Análisis de oligonucleótidos
Los oligonucleótidos (ADN o ARN) son polímeros lineales de nucleótidos. Estos se componen de una base nitrogenada, un azúcar ribosa y un grupo fosfato. Los oligonucleótidos pueden sufrir varias modificaciones covalentes naturales que están comúnmente presentes en tRNA y rRNA, o en elementos no naturales que resultan de reacciones con compuestos exógenos. La espectrometría de masas juega un papel importante en la identificación de estas modificaciones y la determinación de su estructura, así como su posición en el oligonucleótido. No solo permite la determinación del peso molecular de los oligonucleótidos, sino también de forma directa o indirecta, la determinación de sus secuencias.

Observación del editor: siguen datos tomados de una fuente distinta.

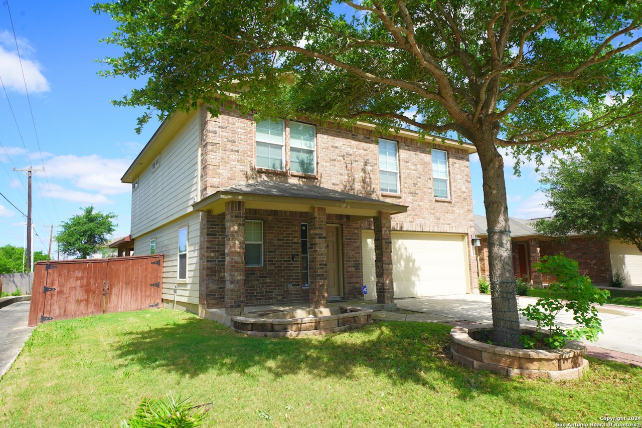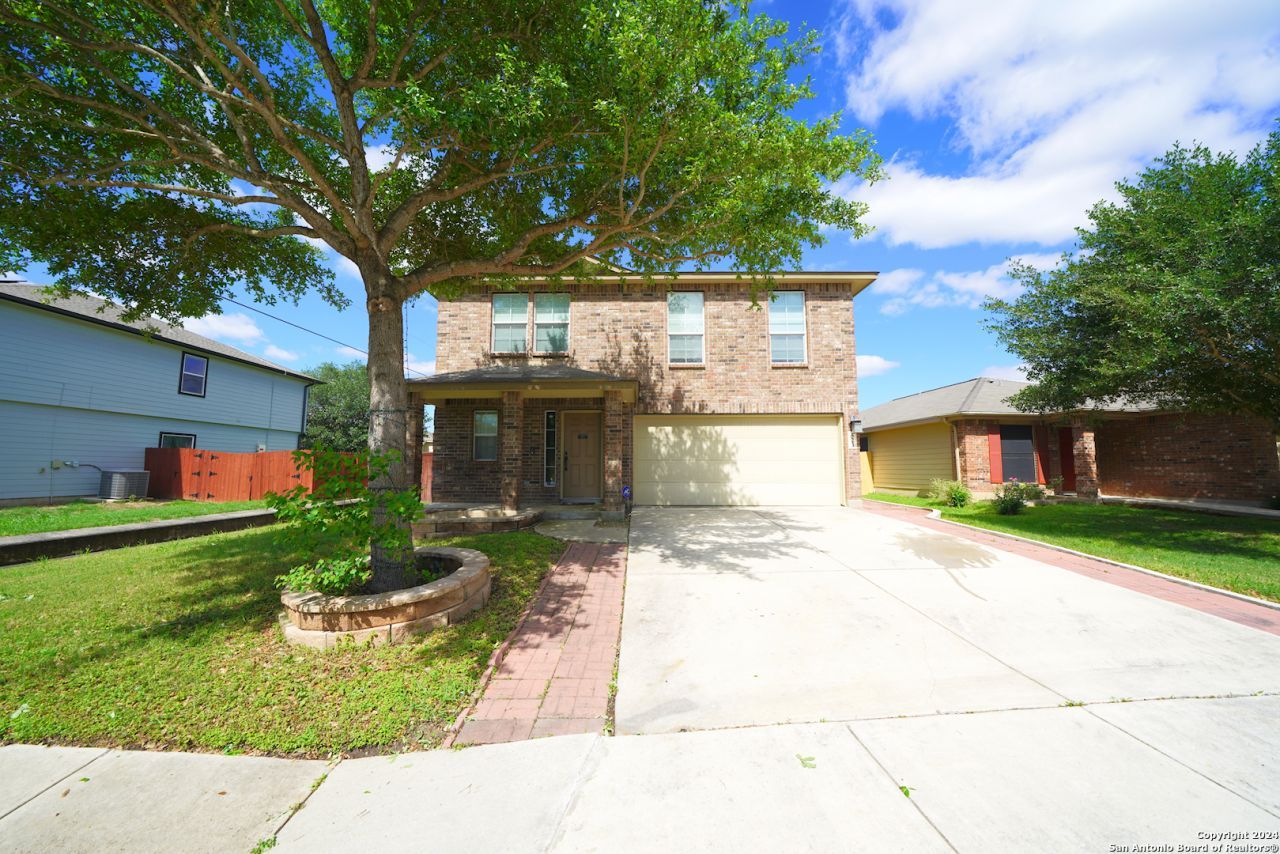 Experience the charm of this 4-bedroom, 2.5-bathroom home nestled in the sought-after Astoria Place subdivision of Converse, TX. Upon entry, be greeted by the warmth of upgraded laminate wood flooring flowing seamlessly into the combined family and dining room. Relax in the cozy ambiance of the family room, complete with a sizable built-in shelving unit housing an electric fireplace, perfect for chilly evenings. The kitchen boasts upgrades including granite countertops, a tiled backsplash, and stainless steel/black appliances, including a high-end refrigerator for your convenience. Upstairs, all bedrooms feature ceiling fans and laminate wood flooring for effortless maintenance. Unwind in the spacious master bedroom, complete with a full en-suite bathroom featuring double vanities, a large walk-in closet, and a combined garden tub/shower. Step outside to discover the true highlight - a custom-covered patio extension boasting a wood-burning fireplace, grill, and additional sink, ideal for weekend BBQs. A generously sized storage shed completes the backyard oasis. Conveniently located with easy access to I-10, Loop 1604, and just a short commute to Randolph AFB, this home is ready to welcome you. Dont miss the opportunity to make it yours-schedule a showing today!

Software para análisis de datos espectrométricos de masas
SimGlycan®. Predice la estructura de glucanos y glicopéptidos a partir de los datos MS / MS adquiridos por espectrometría de masas, facilitando la glucosilación y los estudios de modificación postraduccional. SimGlycan® acepta los perfiles experimentales de MS, tanto de glicopéptidos como de glucanos liberados, los relaciona con su propia base de datos y genera una lista de estructuras probables. El software también es compatible con el análisis de datos de espectrometría de masas de múltiples etapas que permite la elucidación estructural y la identificación de vías de fragmentación.
SimLipid. Es una innovadora herramienta de caracterización de lípidos que permite la elucidación estructural de lípidos desconocidos utilizando datos MS / MS. El software analiza los datos de espectrometría de masa lipídica para caracterizar y perfilar los lípidos. SimLipid también puede anotar los espectros de masas con las estructuras lipídicas identificadas mediante abreviaturas.